The Reilly Band, the Christian symphonic-rock group from Philadelphia who gave a concert at Metro Life on Saturday, is helping to lead worship. Two awesome violinists, a married couple, add such a new dimension to familiar worship songs. After the singing time, Thad and I head to the Sunday School rooms, since it is our month to help out. Then home for lunch and nap time. I still haven’t finished my quarterly grade reports for the English class I teach at our home school co-op, so I frantically try to finish these up. In the late afternoon, Julia, who has been sick with a sore throat and fever, asks me to take her to CentraCare. We arrive 15 minutes before closing and after a perfunctory exam (and no tests), the doctor diagnoses her with H1N1 and prescribes Tamiflu. By the time we get home with the prescription and eat a quick dinner, I’m starting to feel sick myself and I go straight to bed — without finishing up checking the kids’ homework and making sure their backpacks are ready for classes on Monday morning.

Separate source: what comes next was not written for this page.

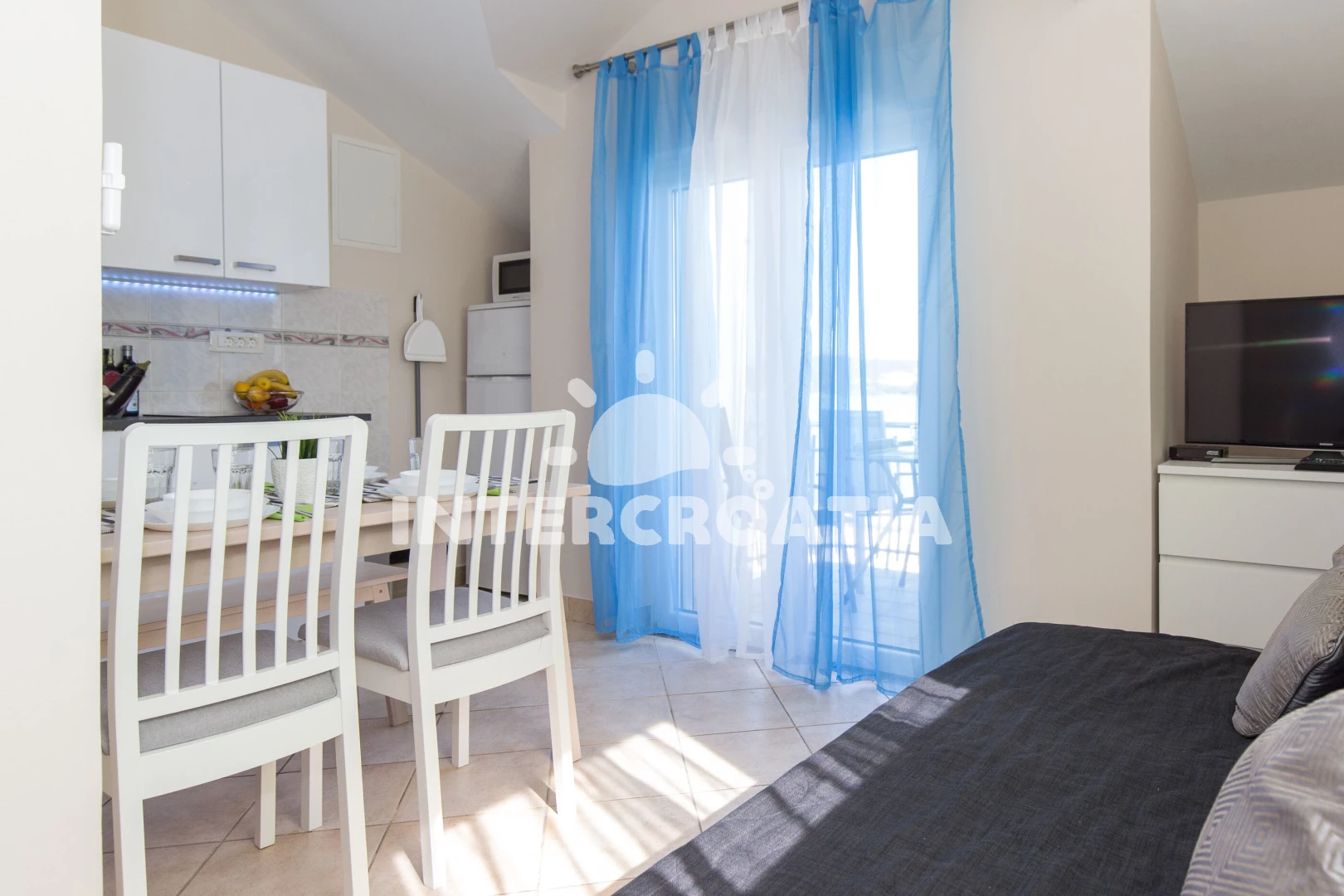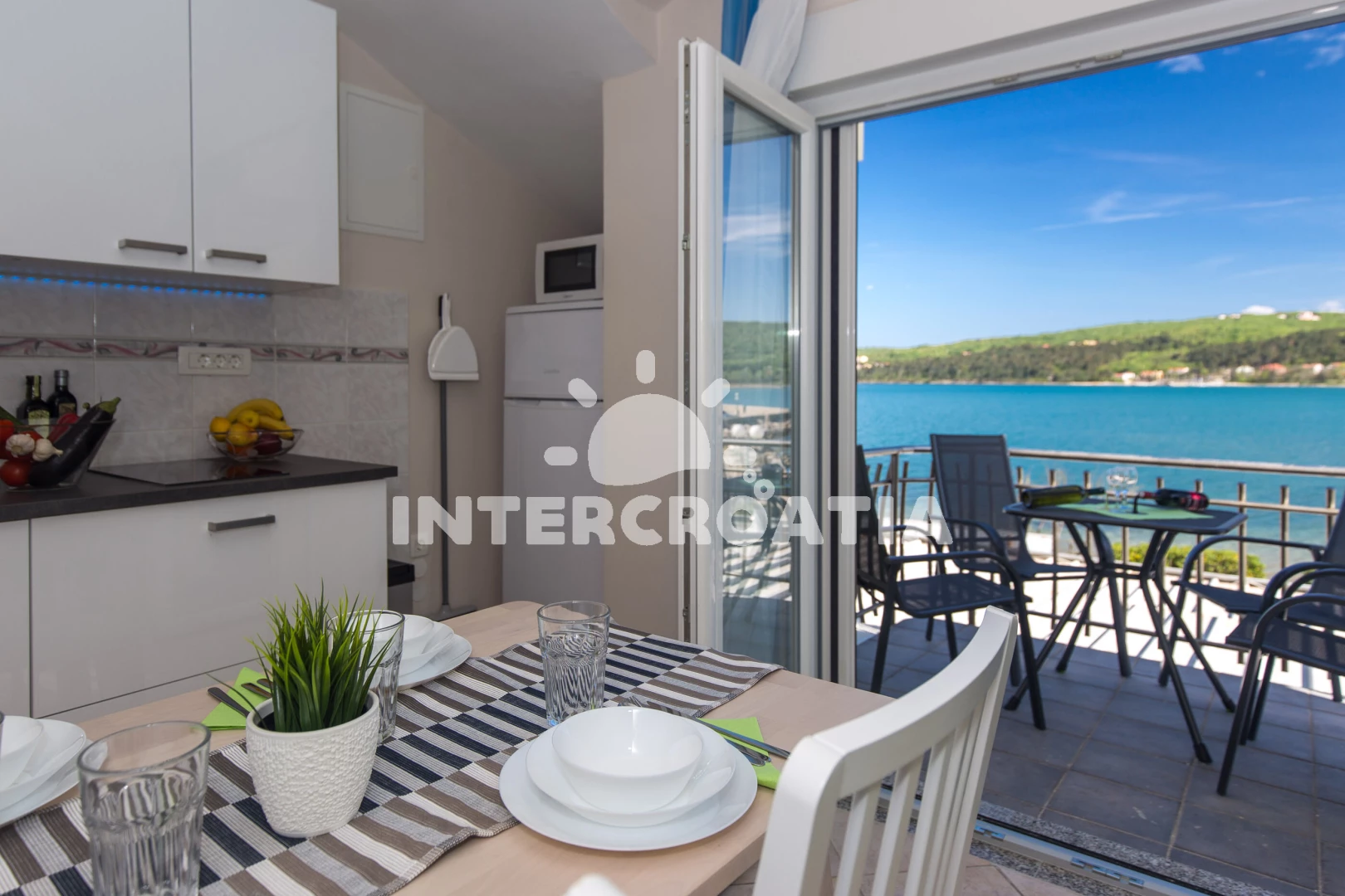Vzdálenosti: Moře 10 m, pláž 10 m (oblázky), centrum 10 m, restaurace 50 m, bar 50 m, supermarket 500 m, půjčovna motorových člunů 2 km, směnárna 5 km, letiště (Rijeka) 7 km, pošta 8 km, čerpací stanice 8 km, ambulance 8 km, muzeum 8 km, půjčovna kol 8 km, lékárna 8 km, banka 8 km, diskotéka 8 km, trajekt (Valbiska (Krk)) 17 km,
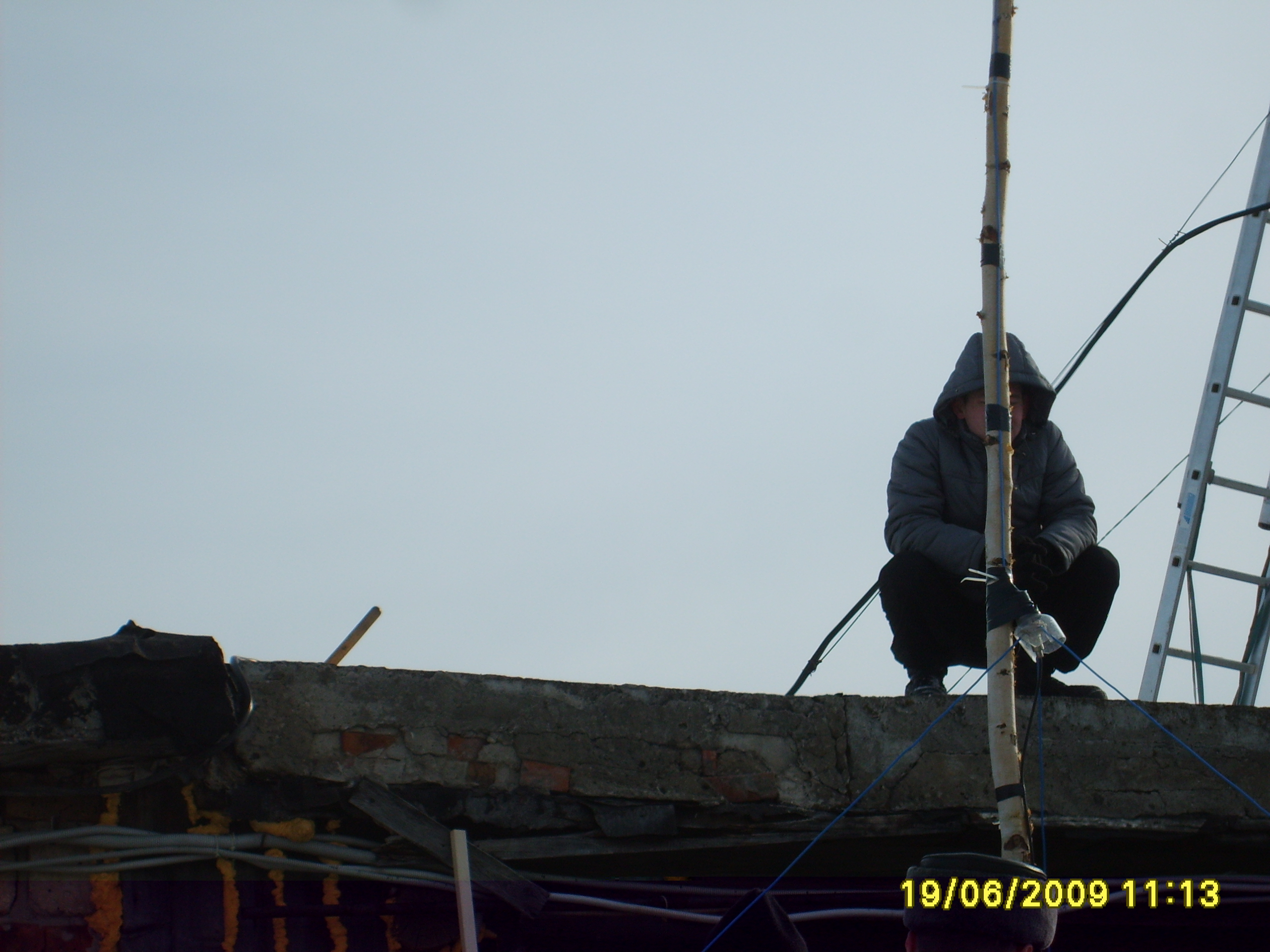 Работает, ксв не шибко уплыло, просто каркас антенны висит на противовесах. При порыве ветра может оторваться совсем, вместе с антенной. Главное, чтоб ни на кого не попало, если оборвет антенну, то и попугай работать соответственно перестанет.

Today started very early — because just after midnight Ben woke up vomiting. We cleaned up the floors, made a little bed for him on our floor, and attempted to finish out a night of sleep. Fortunately, he didn’t have any more trouble. By the time I finally “came to” in the morning, I decided to stay home from co-op classes with the five younger kids and not risk infecting anyone. But I had less than an hour to get their completed homework ready to send in with Lydia, print out the new homework packets for my own class, and find a DVD to send in for my class to watch in my absence. Later in the morning, I read four chapters of Captive in Kangaroo Springs by Robert Elmer (the second book of his Adventures Down Under series about Australia in the 1800’s) and a chapter from A Bear Called Paddington by Michael Bond. After lunch, I helped the younger girls clean their bedroom while the boys did their own. Julia still felt horrible, so Thad asked me to take her into our family doctor’s office. I dropped her off at 3 PM, and he met her there since she didn’t want to be alone. This doctor diagnosed her with strep throat, took her off Tamiflu, and put her on antibiotics. Let’s hope this works! For dinner, I fixed “fake steaks” (On-Cor salisbury steaks — cheap and not too high in fat), baked potatoes, and fresh green beans. My daughter Mary stopped by to give me a belated birthday present (a book of hymn histories with a CD) and I gave her a card and present for her husband Ryan, whose birthday in Wednesday. Then my real work began. It usually takes me at least two hours every Monday evening to sort through all of the kids’ homework, put the old stuff in archive notebooks, label the new stuff with names and due dates and put them in their “current week” notebooks, etc.
Tomorrow, we’ve got to start hustling on getting the week’s school assignments done. It looks like a heavy week for some of them! In the evening, I’m supposed to go to the YMCA for the first team meeting for Get Fit. I signed up for this 15 week program, sponsored by Channel 6 and the local YMCAs, to help lose weight and get in shape through diet and exercise. Our team (just one of at least 10 at our local Y and who knows how many in Orlando) will meet once per week, and we’re supposed to work out on our own three times per week. And we’re supposed to really watch what we eat. OK, so I have about 70 pounds to lose (eventually) and my body fat is a whopping 43%, but I’ll be happy to lose even 20 by the time this is over. (Even that will be a miracle.) My big thought about tomorrow, though, is that it’s the one year anniversary of the day when my dad was hit by a motorcycle and airlifted to the Shock Trauma hospital in Baltimore. I am SO THANKFUL to report that one year later, he seems to have made a complete recovery. At age 73, he still works full-time in a high level computer job, plus works weekends as a security guard. There is no stopping that man! I sure do love my Dad!